Svetlana Alexiévich, en el despacho de su dacha en Silichy (Bielorrusia). Foto: Pilar Bonet. |
Dos días en Bielorrusia con Svetlana Alexiévich, premio Nobel de Literatura, que recuerda el reto que supuso escribir el libro que ha inspirado la exitosa serie de televisión sobre la central nuclear.
por
Pilar Bonet
Chernóbil
ha irrumpido de nuevo en la vida de Svetlana Alexiévich, la
escritora bielorrusa que plasmó el drama del accidente ocurrido en
la central nuclear ucraniana en abril de 1986 (Voces de Chernóbil.
Crónica del futuro, publicada por primera vez, en ruso, en 1997).

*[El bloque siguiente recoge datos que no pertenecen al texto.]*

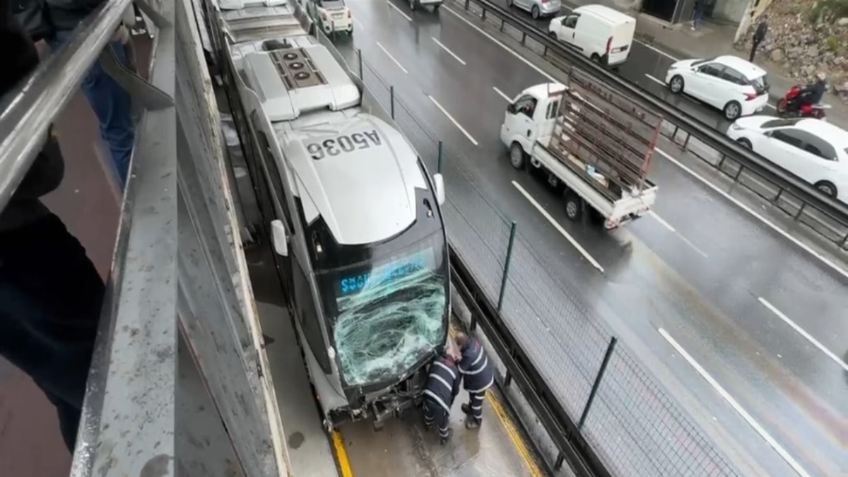 Avcılar'da Söğütlüçeşme istikametinde seyir halindeki metrobüs, Büyükşehir Belediyesi Sosyal Tesisleri durağında bekleyen başka bir metrobüse çarptı.

Más de 33 años después de la catástrofe, la miniserie de la productora HBO Chernobyl ha acercado el suceso y su contexto
sociopolítico a millones de espectadores. Para la mayoría,
especialmente para los jóvenes, Chernóbil forma parte de la
historia; pero para Alexiévich y los exciudadanos de la URSS
residentes por entonces en Ucrania, Bielorrusia y Rusia, es aún
vida.
El
recuerdo, las lecciones y la actualización de Chernóbil son tema
recurrente en las dos citas de esta corresponsal con Alexiévich esta
semana en Bielorrusia. La primera, el martes, en su apartamento de
Minsk, y la segunda, al día siguiente, en una excursión a la dacha
(casa de campo) de Alexiévich en Silichy, una localidad a 40
kilómetros de la capital bielorrusa. Entre un viaje y otro, la vida
cotidiana de Alexiévich discurre en estos dos ambientes adquiridos
después de que recibiera el Nobel en 2015. Su piso de Minsk tiene
una espléndida vista sobre el lago del centro de la ciudad. La
dacha, construida con sólidos troncos aún aromáticos, está en los
límites del pueblo, separada por unos trigales de las suaves colinas
que en invierno son las pistas de una estación de esquí. En este
refugio, donde Svetlana planea encerrarse este verano a escribir,
reside de forma permanente María Vaitziashonak, escritora en lengua
bielorrusa y artífice del jardín, lleno de caprichosos y recónditos
espacios entre matorrales, árboles y macizos de flores. En Minsk y
en Silichy, el móvil de Alexiévich suena una y otra vez: de nuevo,
Chernóbil.
“El
miedo ecológico se ha apoderado de la gente. Se ha hecho evidente
que la naturaleza escapa de nuestro control y que hemos cruzado una
frontera”, dice. “La filosofía de ‘vivir en la naturaleza’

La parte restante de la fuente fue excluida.